Abstract
Distal hereditary motor neuronopathy type VII (dHMN-VII) is an autosomal dominant disorder characterized by distal muscular atrophy and vocal cord paralysis. We performed a genomewide linkage search in a large Welsh pedigree with dHMN-VII and established linkage to chromosome 2q14. Analyses of a second family with dHMN-VII confirmed the location of the gene and provided evidence for a founder mutation segregating in both pedigrees. The maximum three-point LOD score in the combined pedigree was 7.49 at D2S274. Expansion of a polyalanine tract in Engrailed-1, a transcription factor strongly expressed in the spinal cord, was excluded as the cause of dHMN-VII.
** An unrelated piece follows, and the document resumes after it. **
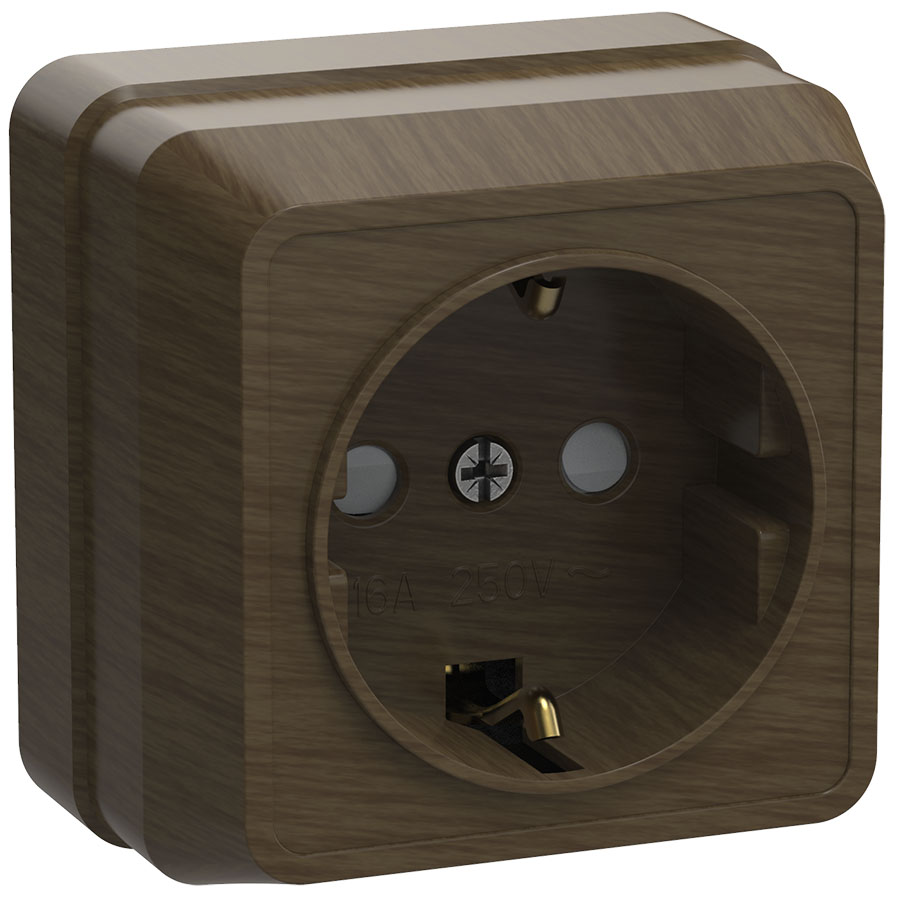 Розетка IEK ОКТАВА 1-мест. в сборе с корпусом с З/К откр. уст-ки16А 250В со шторками IP20 дерево ERO14-K04-16-DC

The peroneal muscular atrophy syndrome, also known as Charcot-Marie-Tooth disease (CMT [MIM 118200]) is the most common inherited disorder of the peripheral nervous system, affecting 1 in 2,500 people (Keller and Chance 1999). The cardinal clinical features are weakness and wasting of the distal limb muscles, hypo- or areflexia, and pes cavus deformity of the foot. Distal sensory loss is present in some cases. Three distinct groups of peroneal muscular atrophy conditions are recognized: (1) a demyelinating form, hereditary motor and sensory neuropathy type I (HMSN I or CMT1); (2) an axonal form, hereditary motor and sensory neuropathy type II (HMSN II or CMT2); and (3) distal hereditary motor neuronopathy (dHMN, also known as distal spinal muscular atrophy, or spinal CMT) (De Jonghe et al. 1998).
dHMN accounts for ∼10% of peroneal muscular atrophy syndrome (Harding and Thomas 1980). Motor and sensory nerve conduction velocities are normal, and electromyography typically shows features of neurogenic atrophy, consistent with degeneration of the anterior horn cell of the spinal cord. On the basis of clinical and genetic criteria, dHMN is divided into seven subtypes (Harding 1993). The genes for several dHMN subtypes and related conditions have been localized (table 1). However, no causative dHMN genes have thus far been isolated.
Table 1.
Distal Hereditary Motor Neuronopathy Conditions for Which Predisposition Genes Have Been Localized
| Disorder | Features | Inheritancea | Locus | Reference |
| dHMN-II | Adult-onset distal wasting and weakness | AD | 12q24.3 | Timmerman et al. (1996) |
| dHMN-V | Upper limb predominance; occasionally pyramidal features | AD | 7p15 | Christodoulou et al. (1995) |
| dHMN-VI | Severe infantile form with respiratory distress | AR | 11q13-21 | Grohmann et al. (1999) |
| dHMN-VII | Adult onset with vocal cord paralysis | AD | 2q14 | Present report |
| dHMN–Jerash typeb | Juvenile onset with pyramidal features | AR | 9p21.1-p12 | Middleton et al. (1999); Christodoulou et al. (2000) |
| Congenital dSMAb,c | Congenital nonprogressive dHMN with contractures | AD | 12q23-q24 | van der Vleuten et al. (1998) |
AD = autosomal dominant; AR = autosomal recessive.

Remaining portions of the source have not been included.